Poverty And Social Inequality In Good Will Hunting

The film, ‘Good Will Hunting’ directed by Gus Van Sant and played by Matt Damon, was about an unknown genius who, as part of a disrupted trial after assaulting a police officer, he becomes a psychiatrist’s client and learns advanced mathematics with a widely known professor. Will Hunting is a headstrong, employed-class genius who struggles to understand the lessons of life. The Gender/ feminist lens and a Marxist lens are the lenses chosen by the writer.

Will Hunting is a mathematical genius who grows up on the wrong side of the path. As a child, he witnessed tremendous physical abuse. Once Will goes on a date with Skylar, a rich Harvard student performed by Minnie Driver, he lies to her about having 12 brothers. This teaches everyone about the pain he carries about becoming an abused child. As the love between Will and Skylar develops, so does the trust. As Skylar encourages Will to come to California with her to join the med school, Will is behaving out of all the classic avoidance techniques of someone who avoids disappointment out of guilt. He shows his discomfort in the idea of going to California with Skylar, where she may find something else out about him that she doesn’t like and doesn’t want to be with him anymore. Instead, he makes up explanations by not being ready to go to California. In this situation, Will fears rejection, attachment, insecurity, and weakness to the level that he is ready to go against his life’s love. Will was taken to a psychiatrist or therapist. Healing is taking place between men. They are not saying that this can’t possibly happen with a woman therapist or a female partner, but in this experience, women have a difficult time understanding about men’s guilt without judging. Will Hunting wore a lot of armor like many men. It takes a lot of patience to break through the obstacles and touch the heart of a person. At one point, Will drags Sean, but Sean manages to keep taking the lead and restating, “It’s not your fault.” and then Will starts crying and he says, “I am sorry.” Although Sean started telling him over and over that it was really not his fault, Will took the responsibility for everything. The tears wash it away all this unreasonable guilt and fear.

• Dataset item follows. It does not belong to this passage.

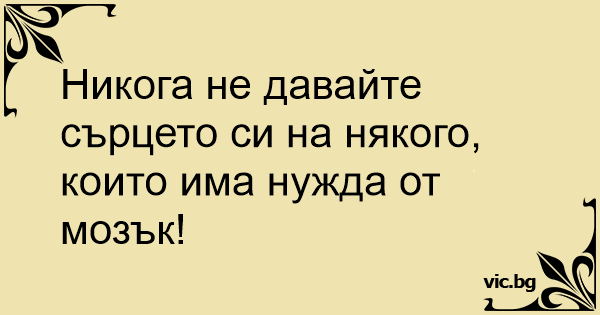 Никога не давайте сърцето си на някого, които има нужда от мозък!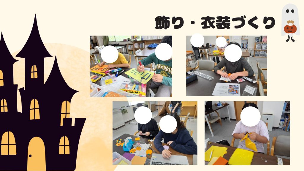 今回は、「仮装を作りたい人」と「装飾を作りたい人」の2つのグループに分かれて準備を行いました。

Will Hunting is a janitor at the Massachusetts Institute of Technology, where he soon finally finds that he’s more than just a janitor and that he’s a total genius. In today’s society, the lower classes tend to be criticised for their less bad circumstances, and blue-collar people are stereotyped as uneducated and unenlightened, and there is a false belief that if only they worked a little harder, and some intellect, they would easily start rising through the ranks of the cultural and social-economic ladder. However, such ideas are addressed in the movie Good Will Hunting. Through the progress of Will Hunting’s best friends as characters and the awareness of the gap between the social groups, they show that due to unbalanced opportunities and the real possibility of upward stability, hard work is not enough to break out from the working class. They want Will to have a high and decent job. Understanding the gap between the cultural and social-economic classes, the interpretation of Will Hunting and the honestly thought-provoking private conversations Will has had with his therapist, they manage to totally eliminate the stereotypes that define the working class as lazy and unintelligent.

Gus Van Sant, the director of the movie, silently examines the reality of child abuse, which is more typical in lower-class families, and through it delivers a taste of the compilation of cruelties that affect the working class, by giving the listener the real perpetrator of the cycles of poverty.